A year ago, the still-damaged car was removed from the Skydome display so its restoration could begin in the museum’s AutoZone-sponsored maintenance and preservation workshop.
“We restored the car to as close as possible to how it was the moment before the sinkhole, the way it was when Mr. (David) Donoho donated the car,” Derek Moore, the museum’s curator, said during the unveiling. “The frame was straightened a little at the rear, the body pieces or fiberglass components that were damaged or cracked were simply repaired. Only one very small panel on the right side had to have a replacement panel. Everything that we could leave that Mr. Donoho had actually touched, had left on this car, we wanted to essentially leave his fingerprints on the car.
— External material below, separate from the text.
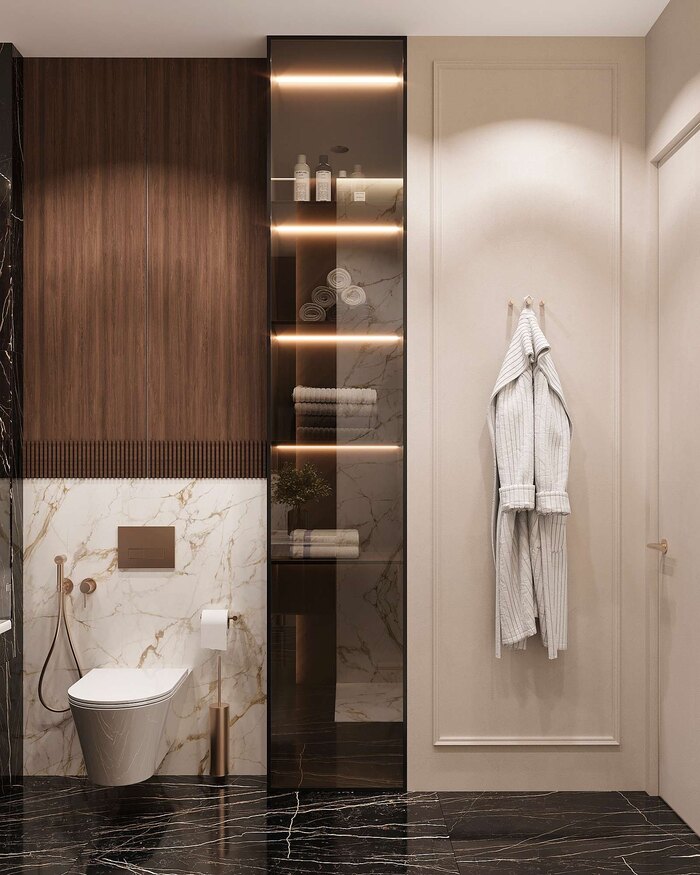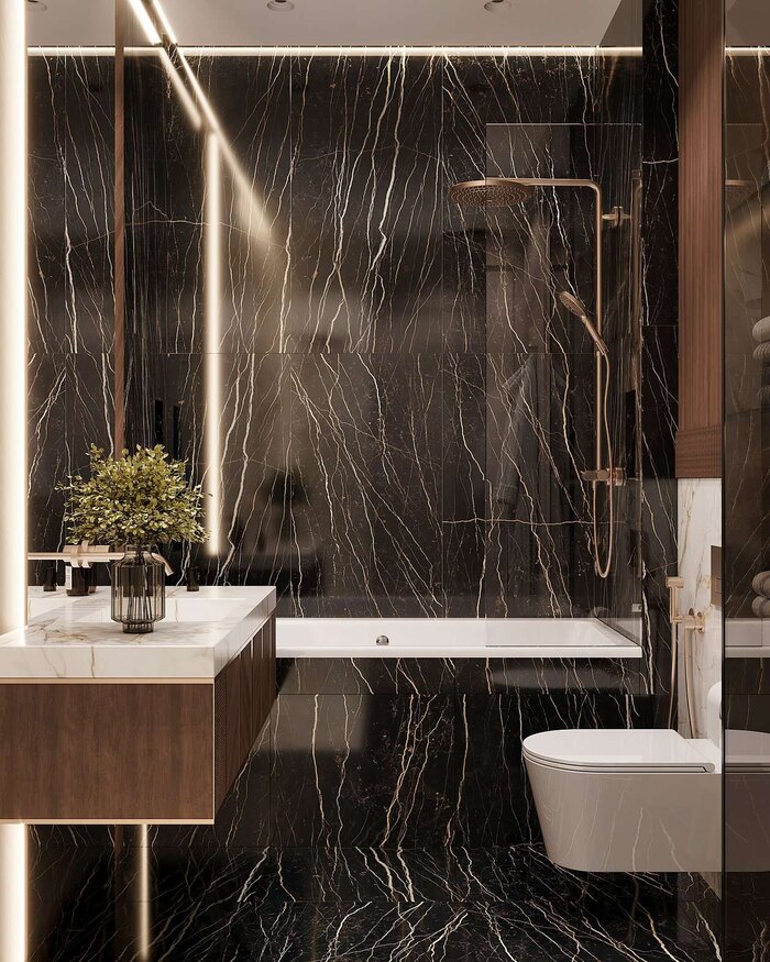 - Крупноформатный керамогранит с текстурой мрамора в отделке стен и пола придаёт интерьеру роскошный вид и обеспечивает долговечность.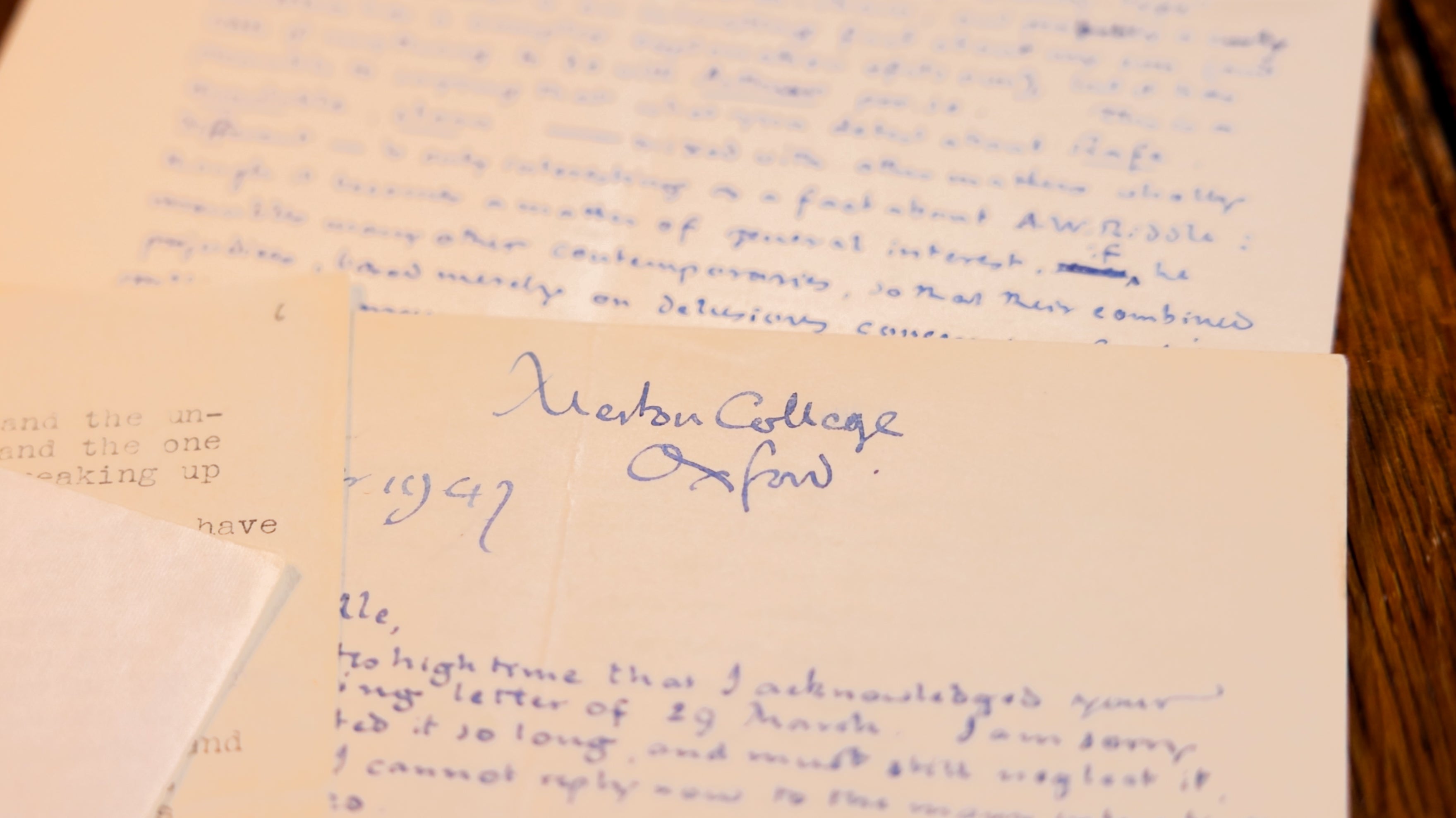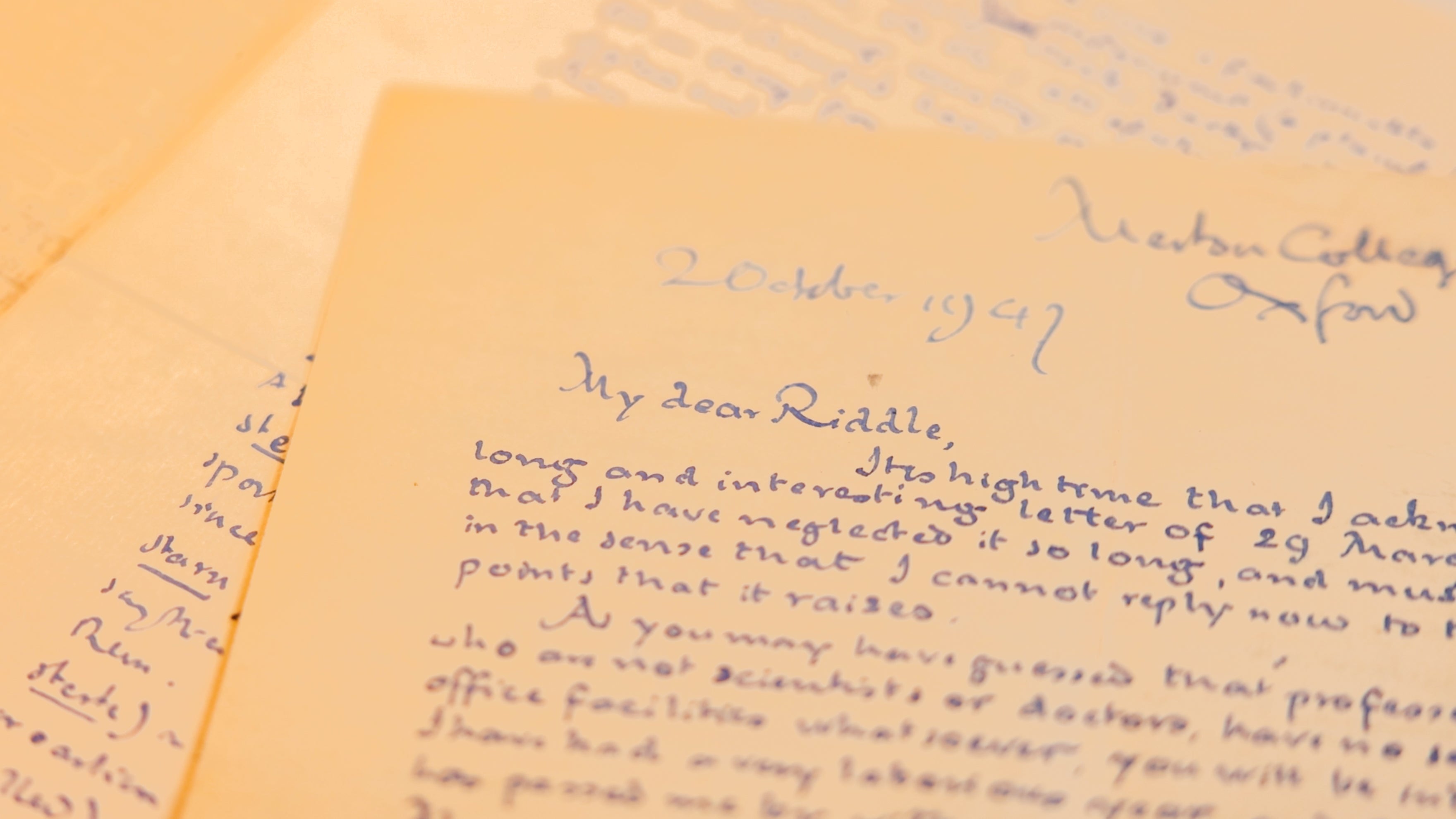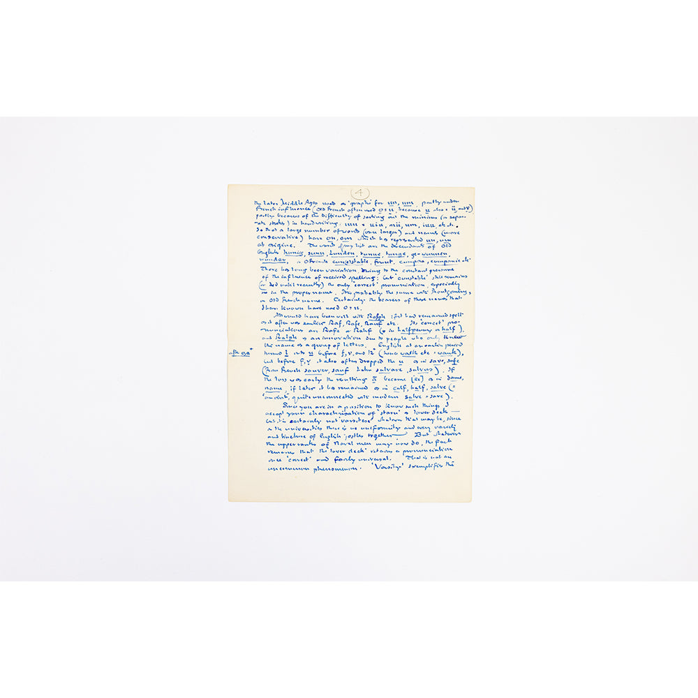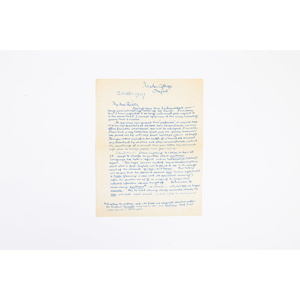Handwritten, signed letter dated 2nd October 1947 and headed Merton College, Oxford. Tolkien's theories on languages, prejudices that can arise from names and a lovely Tolkien family reference to his son and to his father. 6 pages.

“You open the hood and the engine is exactly how he left it. The interior is exactly the interior he had in it, the interior that he so lovingly cared for. We didn’t want to take any of that away.”
The effort was so precise, he added, that when a very old empty sugar packet from Frisch’s Big Boy was discovered, it was set aside and then put back in place under the seat after the restoration was completed.
The car’s donor died in 2013 at the age of 76. His friend and attorney, Beth Sease, said Corvettes had been his passion and he owned three pristine copies, the ’62, a maroon ’87 and a 2001. She added that he had purchased the ’62 while in high school with money he earned working at an industrial paint company.
She said he was so careful with the car that he became nicknamed “The Weatherman” because if rain threatened, he’d drive the car into a garage.
“He didn’t want raindrops on his car,” she said.
Unmarried and with no children, Donoho donated the ’62 to the museum in 2011.
The restored car was unveiled Monday in his Skydome, where it rejoined the other seven “sinkhole” cars, some restored, some too severely damaged and simply displayed in the condition in which they were extracted from the hole.